General Secretary Xi Jinping emphasized: "We have ushered in a historical period of intersection between the world's new round of technological revolution and industrial transformation and the transformation of China's development mode." We must clearly recognize that "some historical periods of intersection may produce resonance at the same frequency, while others may be missed." The historical period of intersection brought by the digital revolution is also nurturing a new digital civilization distinct from the state of private property. This new digital civilization is essentially a symbiotic and integrated composite new civilization, rather than a solitary, independent type of civilization. It is the presentation of material, political, spiritual, social, and ecological civilizations in a more efficient form achieved on the basis of digital technology; it is the digital representation of the new form of human civilization. At the current stage, the new form of human civilization and its digital representation—the new digital civilization—are grounded in the basic economic system of socialism. The Report to the 20th CPC National Congress, grounded in the New Era, emphasized: we must "build a high-level socialist market economy. We will persist in and improve the basic socialist economic system, unswervingly consolidate and develop the public sector, and unswervingly encourage, support, and guide the development of the non-public sector, giving full play to the decisive role of the market in resource allocation and better playing the role of the government." The 20th National Congress also clearly proposed advancing the construction of "Digital China." "Digital China" is the "Chinese scenario" of the digital era, and even more so, it is the digital civilizational form of the path of socialism with Chinese characteristics, rooted in the foundation of the socialist ownership system with Chinese characteristics.
In the digital era, the original exploration of the ownership structure of socialism with Chinese characteristics has provided institutional guarantees for the concentration of digital means of production and the socialization of digital labor. "We must adhere to the people-centered development philosophy, promote 'Internet + education,' 'Internet + medical care,' 'Internet + culture,' etc., so that the masses run fewer errands while data travels more, continuously improving the equalization, universality, and convenience of public services." The focus of the new digital civilization is a socialist civilization that benefits the people, rather than a capitalist civilization that chases traffic and profit. The digital socialist ownership represented by "Digital China" upholds the position of public ownership as the mainstay. In the primary stage of socialism, digitized economies where mixed ownership and private enterprises hold controlling stakes still exist and play an important role; however, they are influenced by public ownership, which holds the dominant position. Their developmental course and civilizational attributes will also unfold within this influence. For mixed-ownership and privately-controlled digital economies, if the mixed ownership involves a state-owned enterprise holding a controlling stake, the relationship of direct integration between laborers and means of production will more prominently reflect the requirements of the public-owned character.
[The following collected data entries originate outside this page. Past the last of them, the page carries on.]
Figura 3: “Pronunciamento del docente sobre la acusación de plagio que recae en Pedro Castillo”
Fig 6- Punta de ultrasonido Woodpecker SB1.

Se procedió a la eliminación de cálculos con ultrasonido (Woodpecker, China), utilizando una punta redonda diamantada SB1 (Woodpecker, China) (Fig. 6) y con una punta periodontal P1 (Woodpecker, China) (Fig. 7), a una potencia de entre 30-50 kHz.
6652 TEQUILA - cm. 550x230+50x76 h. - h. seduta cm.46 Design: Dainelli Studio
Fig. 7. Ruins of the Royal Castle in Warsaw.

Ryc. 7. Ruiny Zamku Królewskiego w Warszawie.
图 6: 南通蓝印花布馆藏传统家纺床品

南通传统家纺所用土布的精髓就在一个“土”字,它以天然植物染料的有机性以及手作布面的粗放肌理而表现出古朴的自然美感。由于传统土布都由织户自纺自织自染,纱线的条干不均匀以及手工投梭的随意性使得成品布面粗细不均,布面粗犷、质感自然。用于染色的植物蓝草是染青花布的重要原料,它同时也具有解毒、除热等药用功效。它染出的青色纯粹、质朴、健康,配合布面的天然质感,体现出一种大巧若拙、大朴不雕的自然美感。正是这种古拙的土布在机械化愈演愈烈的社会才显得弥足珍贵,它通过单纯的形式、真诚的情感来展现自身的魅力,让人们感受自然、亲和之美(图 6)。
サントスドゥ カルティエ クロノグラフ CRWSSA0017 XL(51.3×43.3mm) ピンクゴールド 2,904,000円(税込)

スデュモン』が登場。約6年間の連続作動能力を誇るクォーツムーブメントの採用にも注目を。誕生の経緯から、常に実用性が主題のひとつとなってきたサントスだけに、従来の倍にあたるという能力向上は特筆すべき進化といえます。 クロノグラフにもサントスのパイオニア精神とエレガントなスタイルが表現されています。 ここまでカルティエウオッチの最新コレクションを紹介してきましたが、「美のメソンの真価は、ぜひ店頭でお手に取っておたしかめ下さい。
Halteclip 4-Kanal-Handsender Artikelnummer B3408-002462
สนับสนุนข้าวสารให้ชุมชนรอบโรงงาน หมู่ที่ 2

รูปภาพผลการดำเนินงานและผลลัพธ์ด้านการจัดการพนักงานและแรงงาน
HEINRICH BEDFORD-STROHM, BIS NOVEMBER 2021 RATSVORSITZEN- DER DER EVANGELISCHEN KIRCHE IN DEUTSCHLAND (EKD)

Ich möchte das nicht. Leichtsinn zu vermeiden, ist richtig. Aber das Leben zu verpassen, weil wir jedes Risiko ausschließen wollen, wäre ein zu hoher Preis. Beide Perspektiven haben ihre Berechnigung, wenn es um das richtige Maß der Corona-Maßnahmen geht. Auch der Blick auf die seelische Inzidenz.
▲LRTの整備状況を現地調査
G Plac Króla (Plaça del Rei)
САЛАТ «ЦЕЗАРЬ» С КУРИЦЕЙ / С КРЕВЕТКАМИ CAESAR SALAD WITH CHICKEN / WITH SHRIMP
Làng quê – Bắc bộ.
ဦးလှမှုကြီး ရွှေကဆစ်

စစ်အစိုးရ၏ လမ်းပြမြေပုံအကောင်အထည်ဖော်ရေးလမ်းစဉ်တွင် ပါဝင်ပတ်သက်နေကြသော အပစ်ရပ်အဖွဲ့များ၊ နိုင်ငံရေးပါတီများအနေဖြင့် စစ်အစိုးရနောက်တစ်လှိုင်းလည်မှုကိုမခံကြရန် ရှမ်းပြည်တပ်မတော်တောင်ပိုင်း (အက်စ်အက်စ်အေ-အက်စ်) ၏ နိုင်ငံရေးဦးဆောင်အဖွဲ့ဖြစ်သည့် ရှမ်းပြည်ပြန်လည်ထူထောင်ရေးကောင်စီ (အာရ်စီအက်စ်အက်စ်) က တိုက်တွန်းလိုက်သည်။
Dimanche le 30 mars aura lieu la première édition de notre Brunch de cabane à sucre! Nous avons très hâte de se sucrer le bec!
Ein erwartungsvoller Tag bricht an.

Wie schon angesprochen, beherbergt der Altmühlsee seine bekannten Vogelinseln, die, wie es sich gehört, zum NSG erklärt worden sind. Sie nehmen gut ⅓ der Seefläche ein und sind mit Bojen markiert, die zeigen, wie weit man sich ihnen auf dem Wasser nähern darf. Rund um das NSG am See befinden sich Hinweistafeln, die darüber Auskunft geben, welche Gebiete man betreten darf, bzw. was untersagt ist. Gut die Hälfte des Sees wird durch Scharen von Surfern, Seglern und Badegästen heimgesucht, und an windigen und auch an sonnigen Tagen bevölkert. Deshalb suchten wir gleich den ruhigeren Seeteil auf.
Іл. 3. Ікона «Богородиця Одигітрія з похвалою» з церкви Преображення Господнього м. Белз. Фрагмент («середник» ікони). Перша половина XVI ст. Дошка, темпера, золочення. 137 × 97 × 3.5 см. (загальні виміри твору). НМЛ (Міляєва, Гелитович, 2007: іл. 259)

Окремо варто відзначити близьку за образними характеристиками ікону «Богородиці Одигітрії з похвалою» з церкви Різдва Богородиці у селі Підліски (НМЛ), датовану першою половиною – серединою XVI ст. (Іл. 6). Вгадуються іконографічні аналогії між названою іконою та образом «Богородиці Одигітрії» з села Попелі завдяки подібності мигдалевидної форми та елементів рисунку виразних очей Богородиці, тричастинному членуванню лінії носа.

For cases controlled by private enterprises, although the enterprise may lean toward the operating mechanisms and integration modes of private property, it will certainly be regulated by the economic structure of socialist public ownership. In this way, the new digital civilization contained within "Digital China" has pivoted away from and transcended the trajectory of digital capitalist civilization, endowed human civilization with a new narrative logic, and provided a Chinese paradigm for digital socialism. In short, the new chapter of digital civilization not only displays Chinese characteristics but also highlights global significance.